Oien v. State

North Dakota Supreme Court
Oien v. State, 945 N.W.2d 249 (N.D. 2020)
2020 ND 134
Per Curiam

Oien v. State

Opinion

Filed 6/29/20 by Clerk of Supreme Court

IN THE SUPREME COURT STATE OF NORTH DAKOTA

2020 ND 134

Jason Wayne Oien, Petitioner and Appellant v. State of North Dakota, Respondent and Appellee

No. 20200030

Appeal from the District Court of Cass County, East Central Judicial District, the Honorable Thomas R. Olson, Judge.

AFFIRMED.

Per Curiam.

Laura C. Ringsak, Bismarck, ND, for petitioner and appellant; submitted on brief.

Reid A. Brady, Assistant State’s Attorney, Fargo, ND, for respondent and appellee; submitted on brief. Oien v. State No. 20200030

Per Curiam.

[¶1] Jason Wayne Oien appeals from an order dismissing his application for post-conviction relief. Oien pleaded guilty to one count of manslaughter, in violation of N.D.C.C. § 12.1-16-02, and three counts of criminal conspiracy to commit aggravated assault, in violation of N.D.C.C. § 12.1-06-04.

[¶2] On September 21, 2017, Oien filed a post-conviction relief application, claiming he received ineffective assistance of counsel. Oien alleged that he would not have pleaded guilty if counsel had advised him of the habitual offender status. The court denied Oien’s application. The district court determined that Oien’s trial counsel were not ineffective or otherwise defective, finding counsels’ representation of Oien did not fall below an objective standard of reasonableness, and finding Oien did not suffer any prejudice. We summarily affirmed the court’s denial of the application. Oien v. State, 2018 ND 150, ¶ 1, 913 N.W.2d 770.

[¶3] On June 24, 2019, Oien filed a second application for post-conviction relief, alleging ineffective assistance of counsel on the same grounds as his original application. Oien repeated his claim that counsel did not advise him of the habitual offender status, but expanded his argument to include the assertion that even if his counsel did advise him of the habitual offender status, his ability to comprehend counsel’s advice was compromised by his use of medication. The district court denied Oien’s second application, finding that Oien previously filed an application for post-conviction relief where the court ruled on issues involving the guilty pleas.

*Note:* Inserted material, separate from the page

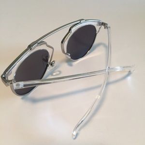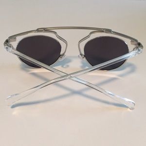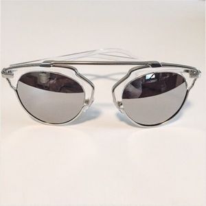Limited quantities. Available in multiple colors. Great alternative to the Dior So Real Sunglasses. Silver/Lucite frames and Mirrored Silver lenses. Meg Rimless Cateye Sunglasses.
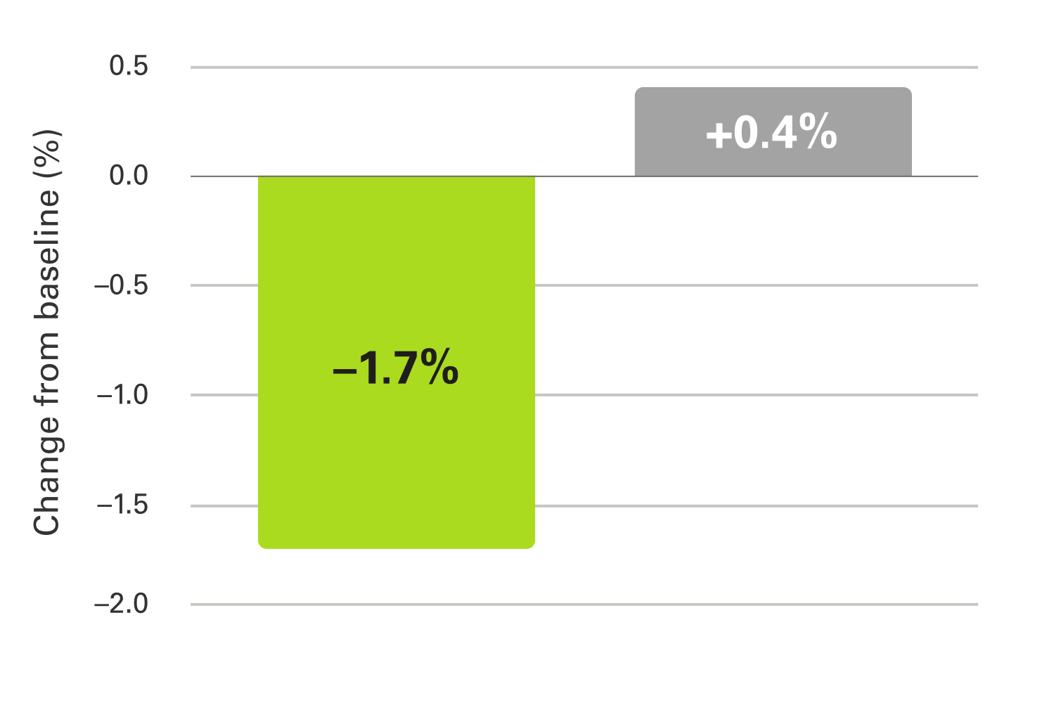 (95% CI: –2.9% to –1.1%; P < 0.0001)1 - Patients treated with daily somatropin achieved a change in trunk percent fat of –3.1 after 38 weeks. No formal statistical comparison between SKYTROFA and daily somatropin was conducted1

[¶4] We summarily affirm the district court’s order under N.D.R.App.P. 35.1(a)(2) and (7). The court did not err in dismissing Oien’s petition barred by misuse of process under N.D.C.C. § 29-32.1-12(2)(a). “Post-conviction proceedings are not intended to allow defendants multiple opportunities to raise the same or similar issues, and defendants who inexcusably fail to raise all of their claims in a single post-conviction proceeding misuse the post-

1 conviction process by initiating a subsequent application raising issues that could have been raised in the earlier proceeding.” State v. Atkins, 2019 ND 145, ¶ 12, 928 N.W.2d 441 (quoting Steen v. State, 2007 ND 123, ¶ 13, 736 N.W.2d 457).

[¶5] Jon J. Jensen, C.J. Lisa Fair McEvers Daniel J. Crothers Gerald W. VandeWalle Jerod E. Tufte

2

Reference

Status
Published
Syllabus
The denial of a defendant's application for post-conviction relief for misuse of process is affirmed pursuant to N.D.R.App.P. 35.1(a)(2) and (7).